I then flipped to the main features. And déjà vu set in.
An article on designing a successful pro shop contained tips that club operators could implement today. Another feature on hiring fitness (i.e., “aerobics”) instructors offered familiar suggestions: Look for charismatic experts who can establish rapport with members. The cover story concentrated on retention, a continuing concern in modern clubs.
While the features frequently mentioned tennis and racquetball clubs, the dilemmas that they raised and the ideas that they presented are as relevant now as they were 16 years ago. Club operators are still looking for new profit centers. They want to keep members involved and happy. They seek the best employees.

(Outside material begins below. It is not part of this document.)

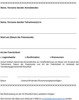 in letzter Zeit wurden wir vermehrt um die Veröffentlichung der Teilnehmerinnen und Teilnehmer der offiziellen Jugendweihen, Konfirmationen und Kommunionen im Amtsblatt gebeten. Dem kommen wir gerne nach, wenn Sie uns rechtzeitig diese beigefügte schriftliche Einverständniserklärung vorlegen und den anstehenden Termin für das laufende Jahr mitteilen.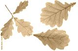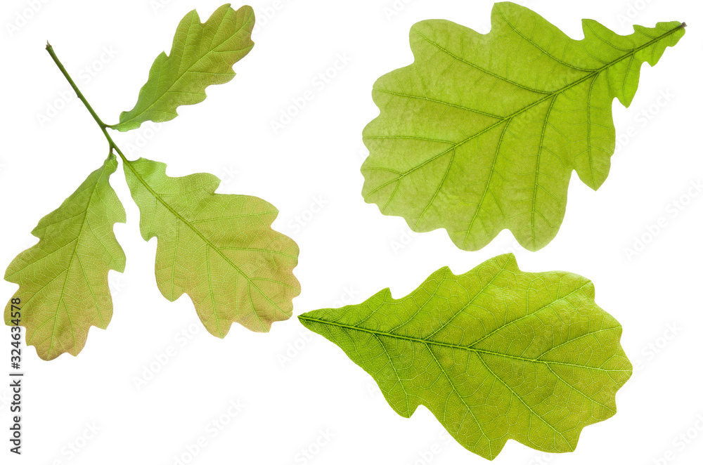 Oak leaf isolated on white background. Set of green fresh leaves oak tree on a branch and single

In a sense, then, it may seem as if the industry hasn't changed much at all. True, the worries that plague today's club operators are similar to the worries that operators faced in 1985. Still, change has come. Subtle, evolutionary change. Manufacturers fine-tuned fitness products. Tennis-only clubs became fitness clubs. Fitness clubs, in turn, rethought their business practices and adapted.
Keep in mind that evolution occurs slowly. With continued age, our maturing industry will learn how to deal with old problems. Smart operators will discover new ways to turn profits, please members and build staff. Their businesses will evolve, survive.
Looking at the 1985 issue reminded me of the progress our industry has made. And made me grateful that leg warmers went out of style.